Ground 2 — The sentencing discretion miscarried because of the introduction into the sentencing hearing of irrelevant and highly prejudicial material in victim impact statements and a failure by the trial judge to determine what material in those statements was ‘relevant and admissible’ for the purposes of sentencing.
The circumstances of the offending were as follows. The victim with respect to charges 1 to 3 was the applicant’s estranged wife. He had married her in 2004 and they have one daughter, who was born on 12 May 2011. On a date between 22 and 24 May 2011 the applicant’s wife was lying on a bed in their home holding their infant daughter. The applicant entered and then sought to take the baby from her mother. The applicant lunged at his wife several times saying ‘give her to me’. Each time this happened the wife rolled to one side to protect the child and told the applicant to stop. The act of lunging constituted the basis of the charge of common assault.
The confrontation giving rise to this first charge continued.

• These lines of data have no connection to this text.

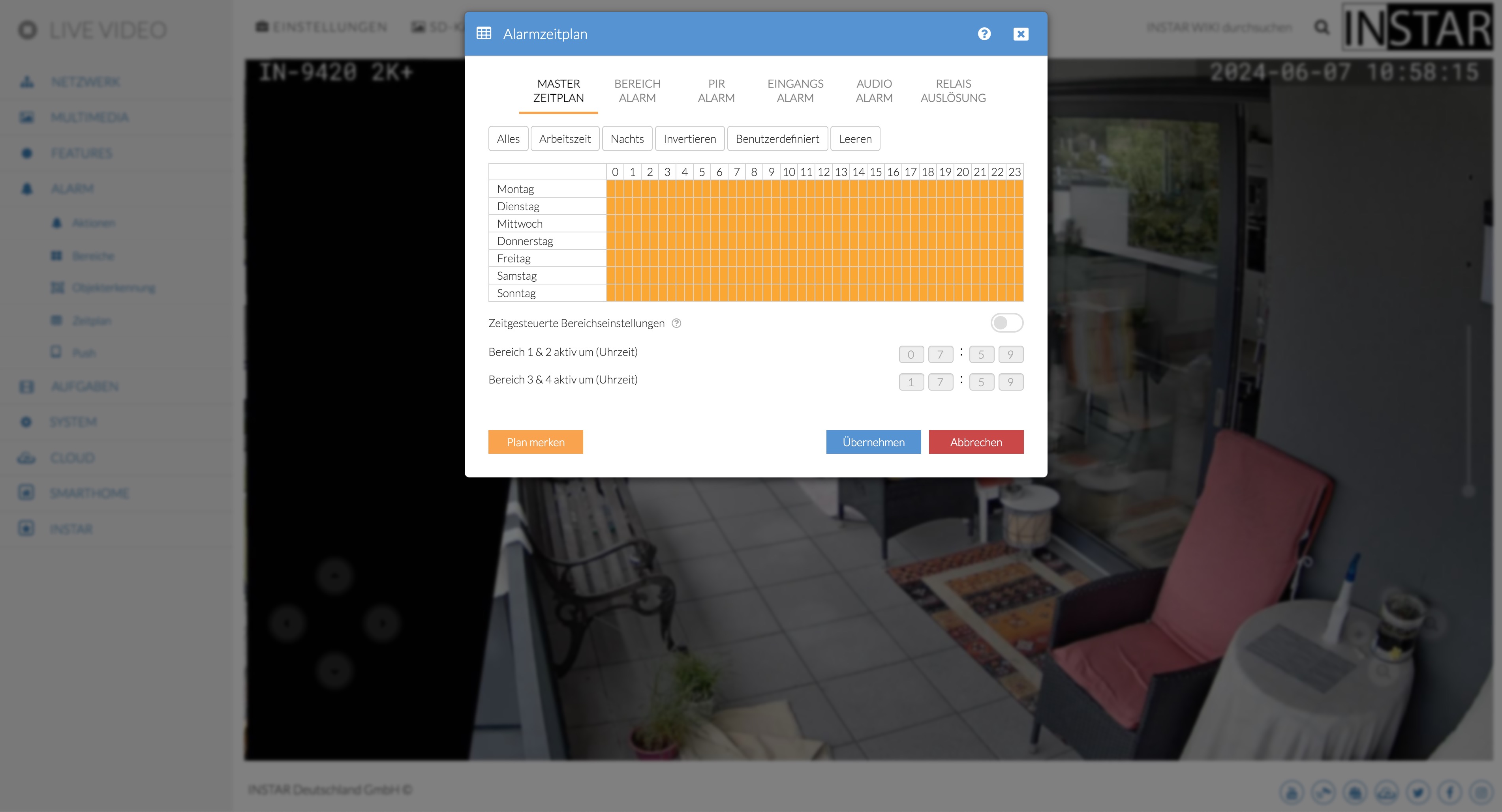 Unter Dimension des Objekts lässt sich obendrein noch ein minimaler und maximaler Größenbereich für ein Objekt festlegen, außerhalb dessen kein Alarm erfolgt. Zur Feinjustierung von Alarmen können Anwender diese auf bestimmte Wochentage und Stunden eingrenzen. Eine jährliche Planung ist nicht möglich.
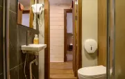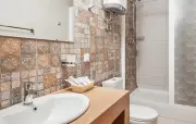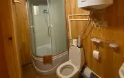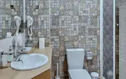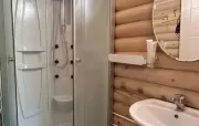 в одном из номеров два санузла на 1 и 2 этаже: туалет, умывальник, душевая кабина, халаты, набор полотенец, фен, гигиенические принадлеж-ности в остальных номерах один санузел: туалет, умывальник, душевая кабина, халаты, набор полотенец, фен |
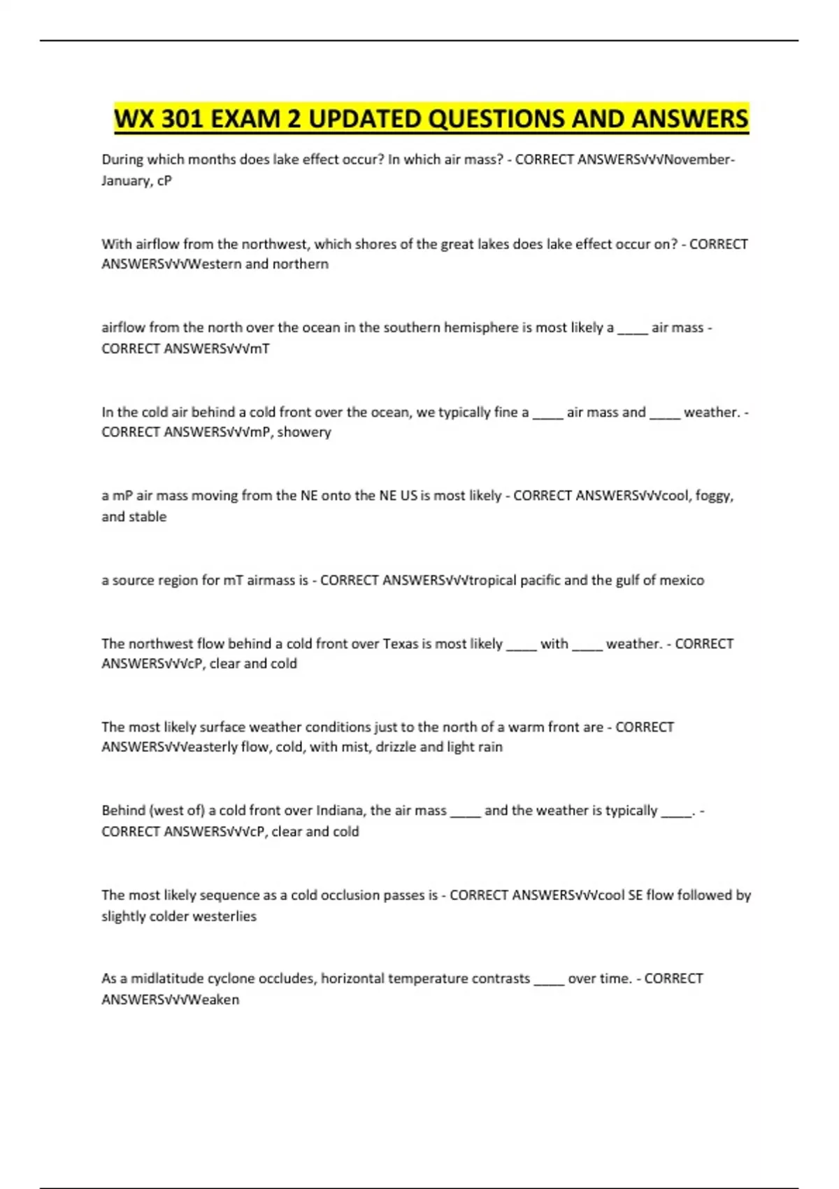 WX 301 EXAM 2 UPDATED QUESTIONS AND ANSWERS

The applicant’s wife told him that he was too aggressive to hold the baby but if he went away and calmed down he could spend time with the baby on the bed. The applicant said ‘not good enough’. At some stage the wife put her foot out to stop the applicant lunging towards her and to protect the child. The applicant then struck her legs with his fist causing bruises. It is this conduct which founded charge 2 — recklessly causing injury.
Soon after this incident, the couple separated. On 29 May 2011, the applicant’s wife moved to live with her parents in Mount Macedon. Following separation, there was ongoing animosity expressed by the applicant to his wife and in early June when the wife drove off in the family car the applicant screamed at her ‘you’re dead’ and made a gesture drawing a finger across his throat. This conduct founded charge 3 — making a threat to kill.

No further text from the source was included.